--- START ---

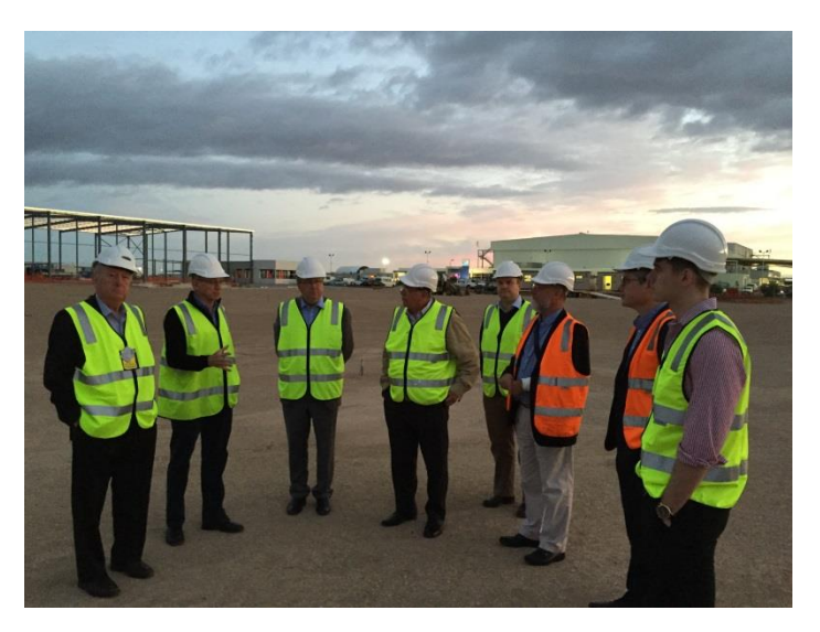
Lindsay Australia Board Members at the Direk Site's construction
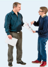
Your Support Worker
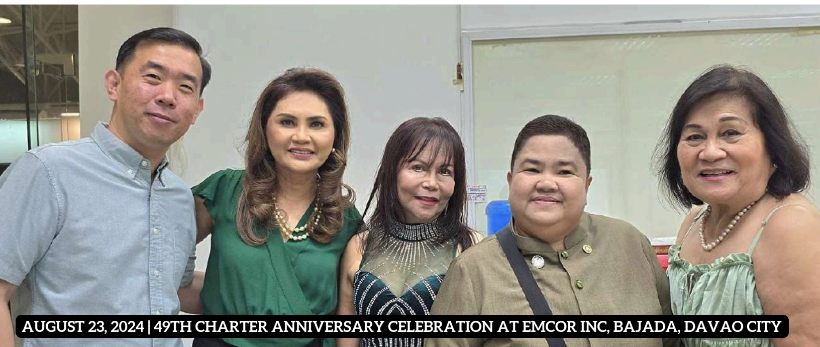
AUGUST 23, 2024 | 49TH CHARTER ANNIVERSARY CELEBRATION AT EMCOR INC, BAJADA, DAVAO CITY
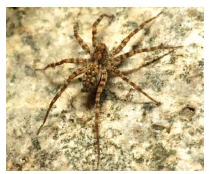
Wolf spider

Spiders: Several outdoor spiders, such as wolf spiders, may wander indoors or closer to buildings in the fall in search of prey because many of their normal prey insect populations outdoors start declining.
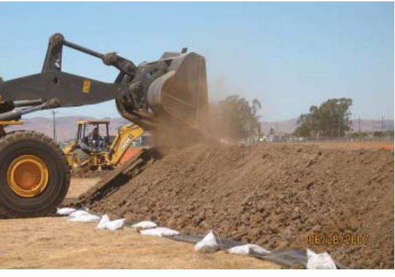
The heavy eqipment operator carefully places contaminated soil on top of a soil pile to minimize the creation of airbourne dust.
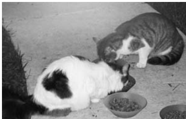
Murphy & friend
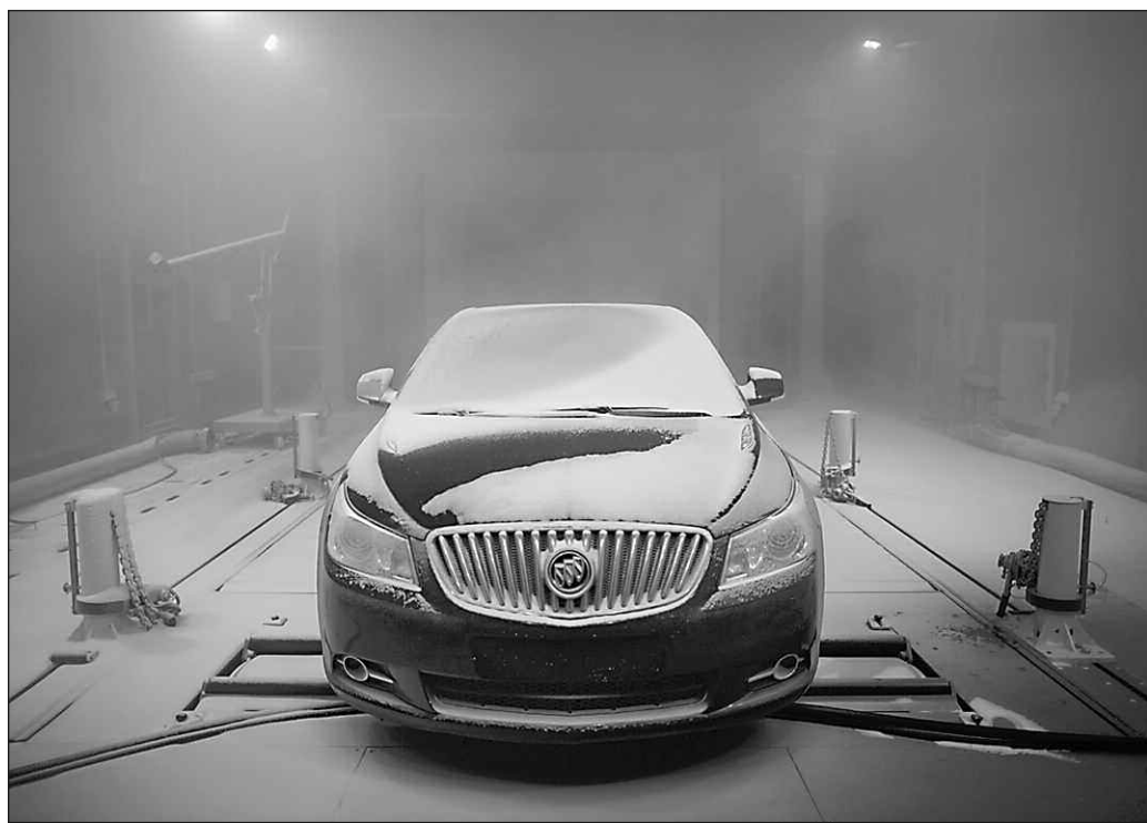
PATAC engineers conduct winter testing on a Buick LaCrosse at the PATAC Climate Wind Tunnel in Shanghai, China.
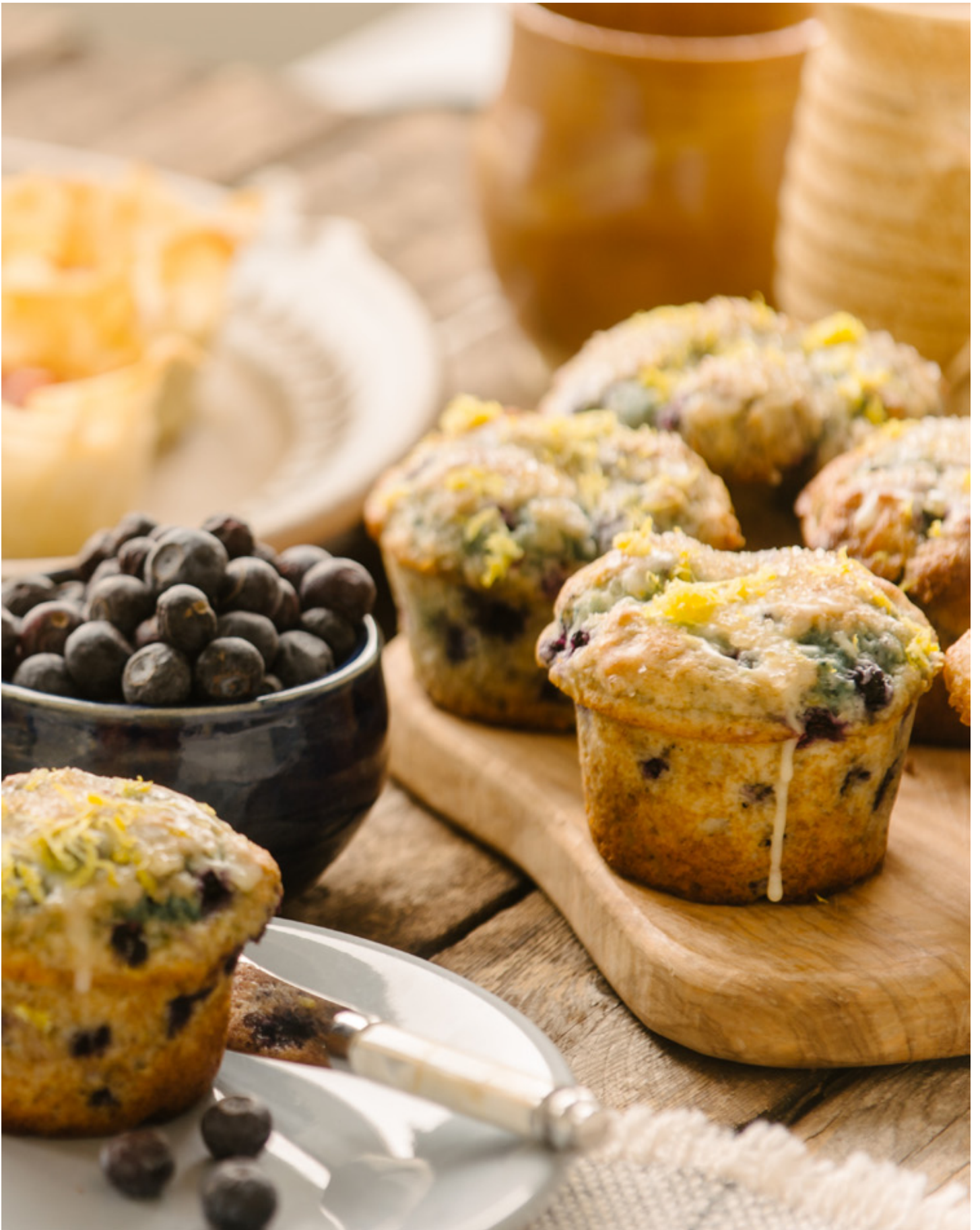
SUNSHINE BLUEBERRY MUFFINS
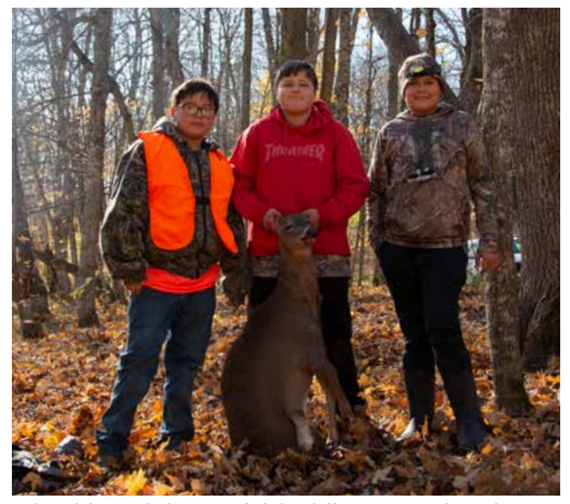
A few of the youth that attended the Skills Camp pose for a photo with their first harvested deer.

Each morning the kids woke up before light and picked which hunting activity they wanted to do – deer, waterfowl, or grouse hunting. Mentors then took their assigned youth out and taught them valuable skills on how to hunt the game of their choosing. One youth was even lucky enough to harvest their very first deer! The days would then continue with bringing in nets and learning how to clean fish followed by more hunting in the evening. When the kids were not busy hunting or
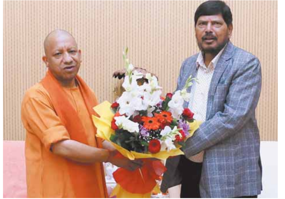
Union MoS for Social Justice & Empowerment Ramdas Athwalwa paid a courtesy call to Uttar Pradesh Chief Minister at his official residence in Lucknow on Friday

flames spreading quickly due to the highly combustible materials stored in the warehouse. The fire brigade worked in challenging conditions, as smoke filled the warehouse, forcing firefighters to wear masks while working inside. In addition to the efforts of the fire brigade, local authorities took swift action to ensure public safety by evacuating nearby homes. The area around the warehouse was cordoned off, and traffic was diverted to ensure that fire trucks could reach the site. The fire brigade's timely intervention prevented any fatalities or serious injuries. As the situation began to stabilise, more fire brigade vehicles were requisitioned to address any remaining threats. A huge crowd gathered near the warehouse to witness the operation. While the exact cause of the fire remains under investigation, authorities have pointed to the likelihood of an electric short circuit as the trigger. Efforts to fully control and extinguish the remaining fire are ongoing.
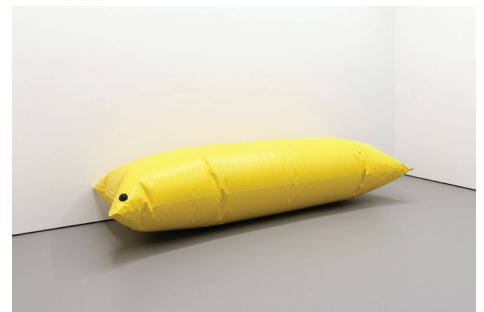
VF(343) , 2026 acrylic on dunnage bag 23 x 96 x 23 in.
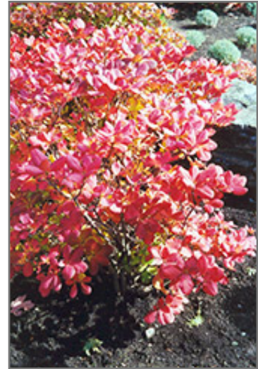
Royal Azalea in fall

* This is a 'special order' plant - contact store for details

--- END ---

## Activity:
All of the records need to be restated word for word, but not the pictures.

## Written reply:
Lindsay Australia Board Members at the Direk Site's construction
Your Support Worker
AUGUST 23, 2024 | 49TH CHARTER ANNIVERSARY CELEBRATION AT EMCOR INC, BAJADA, DAVAO CITY
Wolf spider

Spiders: Several outdoor spiders, such as wolf spiders, may wander indoors or closer to buildings in the fall in search of prey because many of their normal prey insect populations outdoors start declining.
The heavy eqipment operator carefully places contaminated soil on top of a soil pile to minimize the creation of airbourne dust.
Murphy & friend
PATAC engineers conduct winter testing on a Buick LaCrosse at the PATAC Climate Wind Tunnel in Shanghai, China.
SUNSHINE BLUEBERRY MUFFINS
A few of the youth that attended the Skills Camp pose for a photo with their first harvested deer.

Each morning the kids woke up before light and picked which hunting activity they wanted to do – deer, waterfowl, or grouse hunting. Mentors then took their assigned youth out and taught them valuable skills on how to hunt the game of their choosing. One youth was even lucky enough to harvest their very first deer! The days would then continue with bringing in nets and learning how to clean fish followed by more hunting in the evening. When the kids were not busy hunting or
Union MoS for Social Justice & Empowerment Ramdas Athwalwa paid a courtesy call to Uttar Pradesh Chief Minister at his official residence in Lucknow on Friday

flames spreading quickly due to the highly combustible materials stored in the warehouse. The fire brigade worked in challenging conditions, as smoke filled the warehouse, forcing firefighters to wear masks while working inside. In addition to the efforts of the fire brigade, local authorities took swift action to ensure public safety by evacuating nearby homes. The area around the warehouse was cordoned off, and traffic was diverted to ensure that fire trucks could reach the site. The fire brigade's timely intervention prevented any fatalities or serious injuries. As the situation began to stabilise, more fire brigade vehicles were requisitioned to address any remaining threats. A huge crowd gathered near the warehouse to witness the operation. While the exact cause of the fire remains under investigation, authorities have pointed to the likelihood of an electric short circuit as the trigger. Efforts to fully control and extinguish the remaining fire are ongoing.
VF(343) , 2026 acrylic on dunnage bag 23 x 96 x 23 in.
Royal Azalea in fall

* This is a 'special order' plant - contact store for details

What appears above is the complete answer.